**INPUT FOR THIS TASK**
[Start of section]

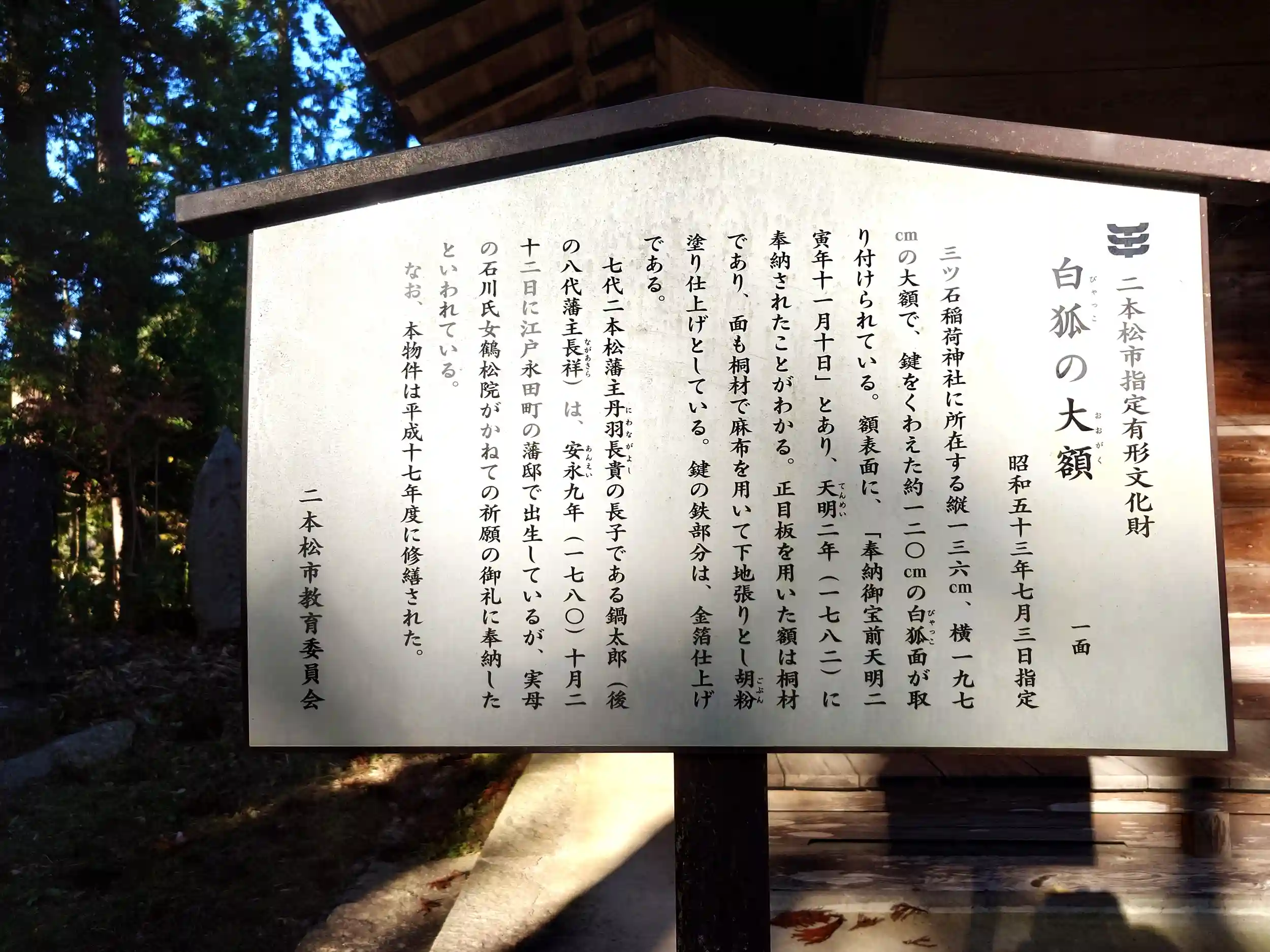 ・二本松城主丹羽公の氏神として祀られています。 幸運をもたらすとされている白狐面(大きさが4尺もあり、その口には5尺余りの幸福をもたらす鍵をくわえている)の大額は、九代目藩主長貴公が長子出生祈願願御礼として奉納されました。
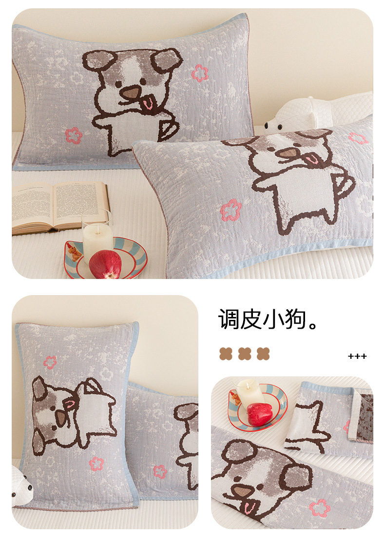 商品名称:乐家毛巾被(工厂自产自销) 2026新款四层色织全棉提花纱布软萌枕巾 长耳狗
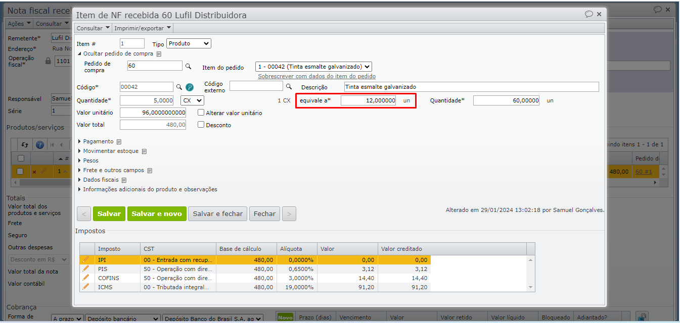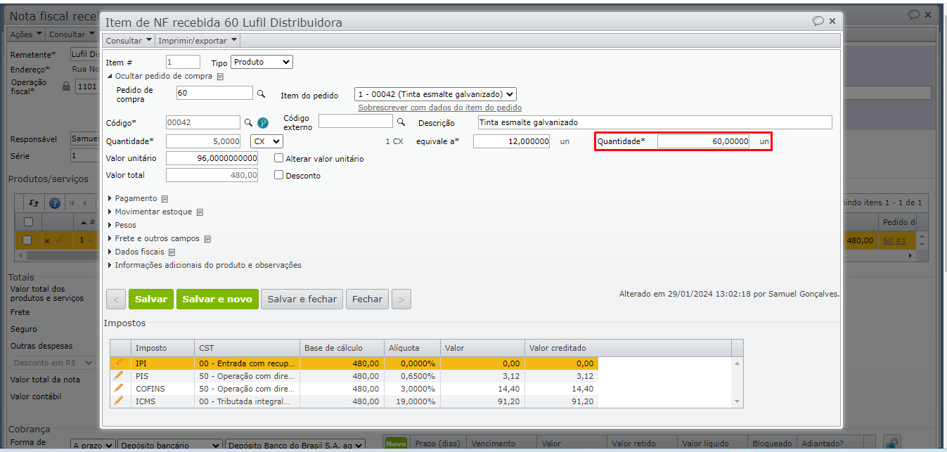 4) O campo “Quantidade”, mais à direita da janela, indica a quantidade total da unidade de estoque, resultante da quantidade da unidade de compra multiplicada pela quantidade do fator de conversão.
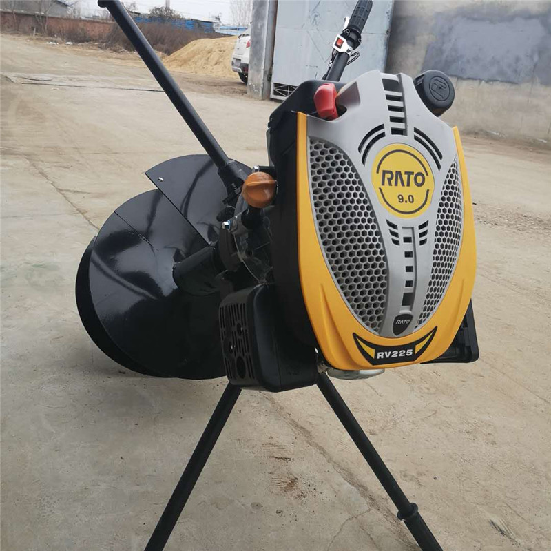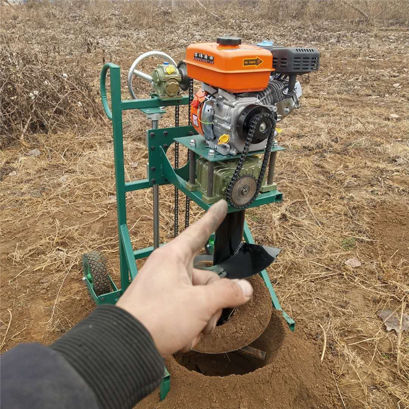 3.挖到预定深度后,缓慢提起挖坑机,在挖坑机钻头离开地面后, 松开工作开关,完成挖坑过程。植树挖坑机是一种以汽油机为动力的便捷式挖坑工具,该机器体积小,动力大、方便携带、适合植树造林、果园种植、大棚建设、沙漠绿化等。这是一款非常适合我国地形状况的机器,目前发展、销售、使用空间巨大。挖坑机种树、打桩一机多用,安全可靠,产销一体化,量大从**量有保障。
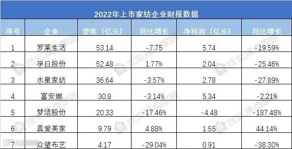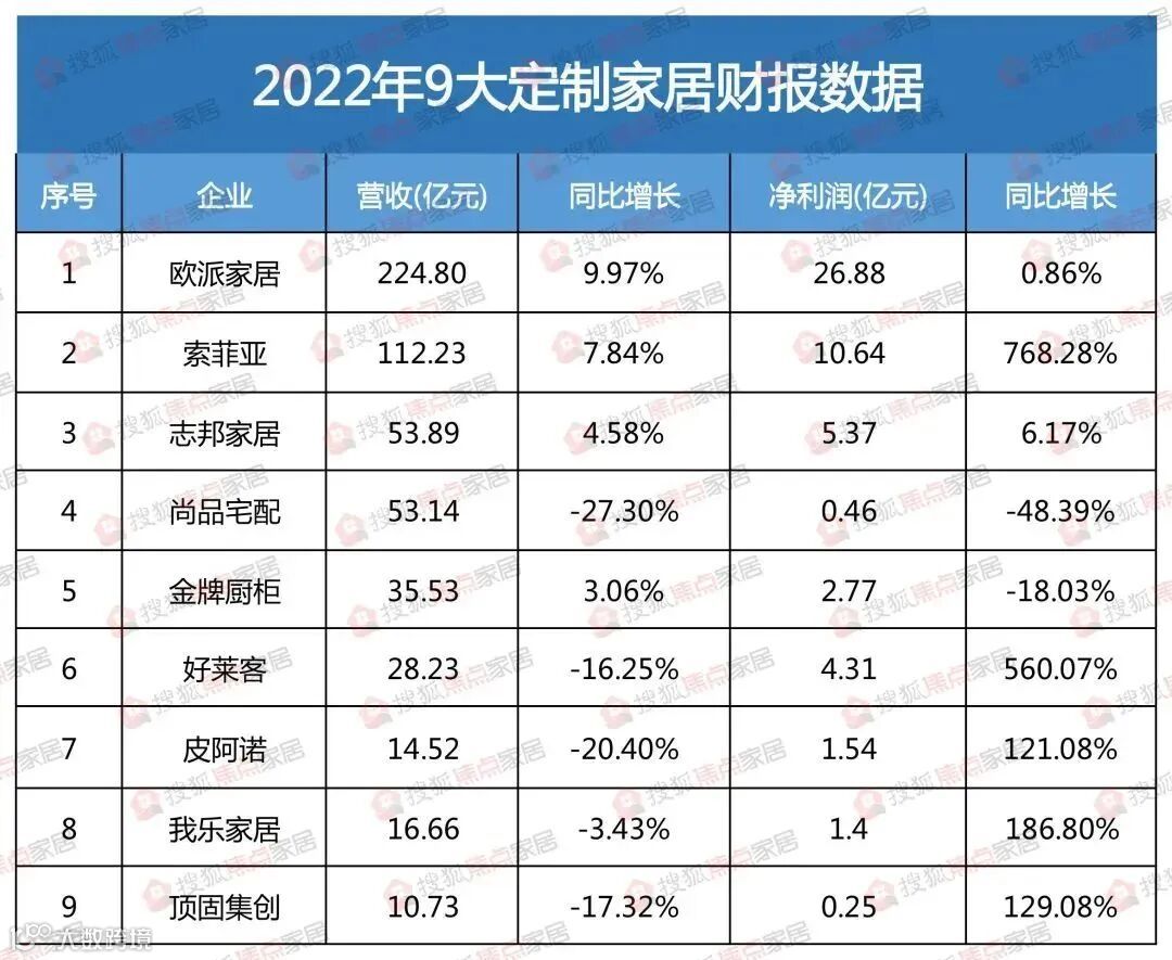 近日,搜狐焦点家居根据公开素材统计,多家家居企业公告2023年一季度业绩。2023年一季度,东鹏控股营收约11.44亿元,同比增长18.46%;净利润约117.77万元,同比增长101.53%;东易日盛营业总收入5.54亿元,同比增长47.89%,净利润同比增长62.94%;好莱客营业收入3.48亿,同比减少43.47%,净利润1200.78万,同比减少70.66%;皮阿诺营收1.79亿元,同比下降24.20%,净利润为-386.30万元,同比下降120.70%;顶固集创营收约2.24亿元,同比上升22.19%,净利润473.36万元,同比上升22.32%;水星家纺营收约8.18亿元,同比增长1.45%,净利润约8365.95万元,同比下降1.22%。

[End of section]

**TASK REQUIREMENTS**
Transcribe, without alteration, each line from the one with "3.挖到预定深度后,缓慢提起" through the last line of the data; no pictures belong in the copy.

**TASK RESULT**
 3.挖到预定深度后,缓慢提起挖坑机,在挖坑机钻头离开地面后, 松开工作开关,完成挖坑过程。植树挖坑机是一种以汽油机为动力的便捷式挖坑工具,该机器体积小,动力大、方便携带、适合植树造林、果园种植、大棚建设、沙漠绿化等。这是一款非常适合我国地形状况的机器,目前发展、销售、使用空间巨大。挖坑机种树、打桩一机多用,安全可靠,产销一体化,量大从**量有保障。
 近日,搜狐焦点家居根据公开素材统计,多家家居企业公告2023年一季度业绩。2023年一季度,东鹏控股营收约11.44亿元,同比增长18.46%;净利润约117.77万元,同比增长101.53%;东易日盛营业总收入5.54亿元,同比增长47.89%,净利润同比增长62.94%;好莱客营业收入3.48亿,同比减少43.47%,净利润1200.78万,同比减少70.66%;皮阿诺营收1.79亿元,同比下降24.20%,净利润为-386.30万元,同比下降120.70%;顶固集创营收约2.24亿元,同比上升22.19%,净利润473.36万元,同比上升22.32%;水星家纺营收约8.18亿元,同比增长1.45%,净利润约8365.95万元,同比下降1.22%。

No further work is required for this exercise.